17. The method of claim 16, wherein truncating the set into a subset of modes further comprises sorting the modes included in the set according to the SMRs of each mode, wherein the SMRs of each mode included in the subset are larger than the SMRs of each mode excluded from the subset.

18. The method according to claim 1, characterized in that the predetermined masking curve is based on a psychoacoustic model.

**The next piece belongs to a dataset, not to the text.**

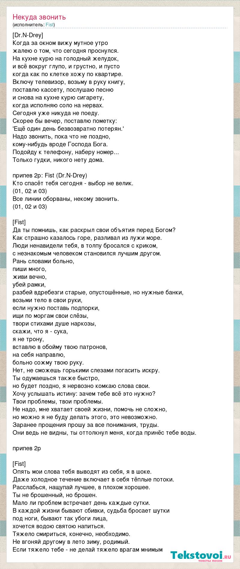 [Dr.N-Drey] Когда за окном вижу мутное утро жалею о том, что сегодня проснулся. На кухне курю на голодный желудок, и всё вокруг глупо, и грустно, и пусто когда как по клетке хожу по квартире. Включу телевизор, возьму в руку книгу, поставлю кассету, послушаю песню и снова на кухне курю сигарету, когда исполняю соло на нервах. Сегодня уже никуда не поеду. Скорее бы вечер, поставлю пометку: 'Ещё один день безвозвратно потерян.' Надо звонить, пока что не поздно, кому-нибудь вроде Господа Бога. Подойду к телефону, наберу номер... Только гудки, никого нету дома. припев 2р: Fist (Dr.N-Drey) Кто спасёт тебя сегодня - выбор не велик. (01, 02 и 03) Все линии оборваны, некому звонить. (01, 02 и 03) [Fist] Да ты помнишь, как раскрыл свои объятия перед Богом? Как страшно казалось горе, разливал из лужи море. Люди ненавидели тебя, в толпу бросался с криком, с незнакомым человеком становился лучшим другом. Рань словами больно, пиши много, живи вечно, убей рамки, разбей вдребезги старые, опустошённые, но нужные банки, возьми тело в свои руки, если нужно поставь подпорки, ищи по моргам свои слёзы, твори стихами душе наркозы, скажи, что я - сука, я не трону, вставлю в обойму твою патронов, на себя направлю, больно сожму твою руку. Нет, не сможешь горькими слезами погасить искру. Ты одумаешься также быстро, но будет поздно, я нервозно комкаю слова свои. Хочу услышать истину: зачем тебе всё это нужно? Твои проблемы, твои проблемы. Не надо, мне хватает своей жизни, помочь не сложно, но можно я не буду делать этого, это невозможно. Заранее прощения прошу за все понимания, труды. Они ведь не видны, ты оттолкнул меня, когда принёс тебе воды. припев 2р [Fist] Опять мои слова тебя выводят из себя, я в шоке. Даже холодное течение включает в себя тёплые потоки. Расслабься, нащупай лучшее, в плохом хорошее. Ты не брошенный, но брошен. Мало ли проблем встречает день каждые сутки. В каждой жизни бывают сбивки, судьба бросает шутки под ноги, бывают так убоги лица, хочется водою святою напиться. Тяжело смириться, конечно, необходимо. Не вгоняй другому в лето зиму, родимый. Если тяжело тебе - не делай тяжело врагам мнимым

19. A system for producing a modal reverberation effect for manipulating an audio signal, comprising:

a memory for storing the impulse response; and

the one or more processors are configured to:

for each respective subband:

estimating a number of modes included in a partial mode of a subband; and

determining corresponding parameters of a partial mode included in the subband signal using a parameter estimation algorithm;

aggregating the respective patterns of the plurality of subbands into a set;

for each pattern included in the set, determining a signal-to-mask ratio (SMR) of the pattern based on a predetermined masking curve; and is

Truncating the set of aggregated modes into a subset of modes, wherein one or more modes included in the set are truncated based on the determined SMRs.

Claims

the set of aggregated modes is truncated into a subset of modes.

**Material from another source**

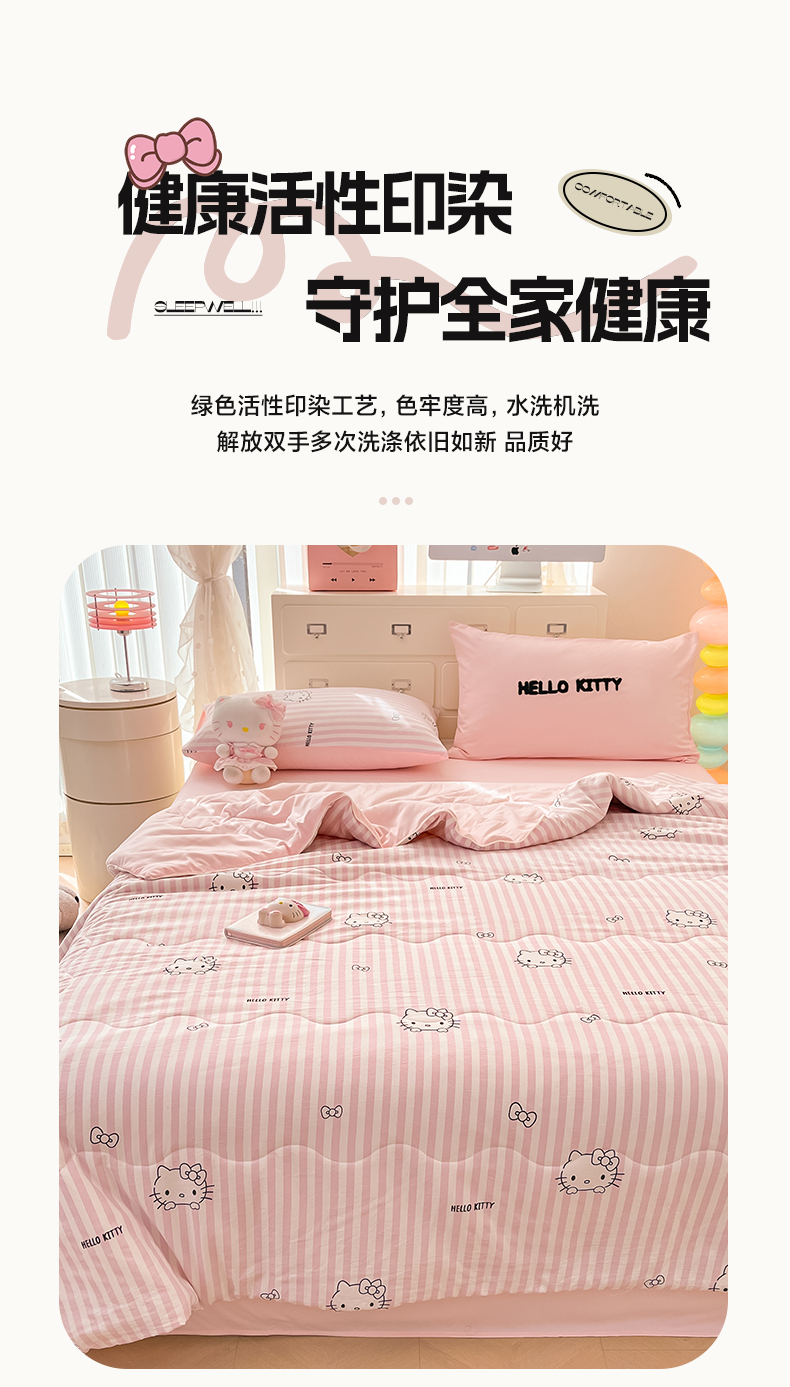 (总)贝扬思家纺 2025新款三丽鸥简约条纹夏被夏凉被空调被套件系列,奶油条kt粉粉,奶油条kt粉黄,奶油条kt黄黄,奶油条kt蓝蓝,奶油条kt紫紫

wherein the number of modes is estimated within the width of the pass band, an

7. The method of claim 5, wherein estimating the number of modes included in the partial modes for the subband comprises:

determining a peak selection threshold for a subband; and

detecting the maximum peak amplitude of the sub-band; and

the minimum peak amplitude of the sub-band is detected,

10. The method of claim 1, wherein determining, for each respective subband, a respective parameter for a fractional mode comprises: for each subband to which the parameter estimation algorithm is applied, one or more of a frequency, a decay time, an initial amplitude or an initial phase of a partial mode comprised in the subband is determined.

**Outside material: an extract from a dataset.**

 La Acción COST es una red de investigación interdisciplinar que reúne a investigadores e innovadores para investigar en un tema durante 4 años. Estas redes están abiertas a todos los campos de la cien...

12. The method of claim 11, wherein the subbands are derived from a Discrete Fourier Transform (DFT), and wherein estimating the complex amplitude comprises, for each pattern included in the subband signal, minimizing an approximation error of each estimated complex amplitude of the subband signal.

15. The method of claim 1, wherein determining, for each respective subband, a respective parameter for the fractional mode comprises determining a peak selection threshold for the subband, and wherein the parameter is determined for modes included in the fractional mode having an amplitude greater than the peak selection threshold.

16. The method of claim 1, wherein truncating the set into a subset of modes comprises: for each pattern included in the set, a signal-to-mask ratio (SMR) of the pattern is determined based on a predetermined masking curve, and wherein one or more patterns included in the set are truncated based on the determined SMR.

17. The method of claim 16, wherein truncating the set into a subset of modes further comprises:

18. The method of claim 17, wherein truncating the set into a subset of modes further comprises sorting the modes included in the set according to the SMRs of each mode, wherein the SMRs of each mode included in the subset are larger than the SMRs of each mode excluded from the subset.

19. The method according to claim 16, wherein the predetermined masking curve is based on a psychoacoustic model.

20. A system for producing a modal reverberation effect for manipulating an audio signal, comprising:

a memory for storing the impulse response; and

the one or more processors are configured to:

for each respective subband:

estimating a number of modes included in a partial mode of a subband; and

the set of aggregated modes is truncated into a subset of modes.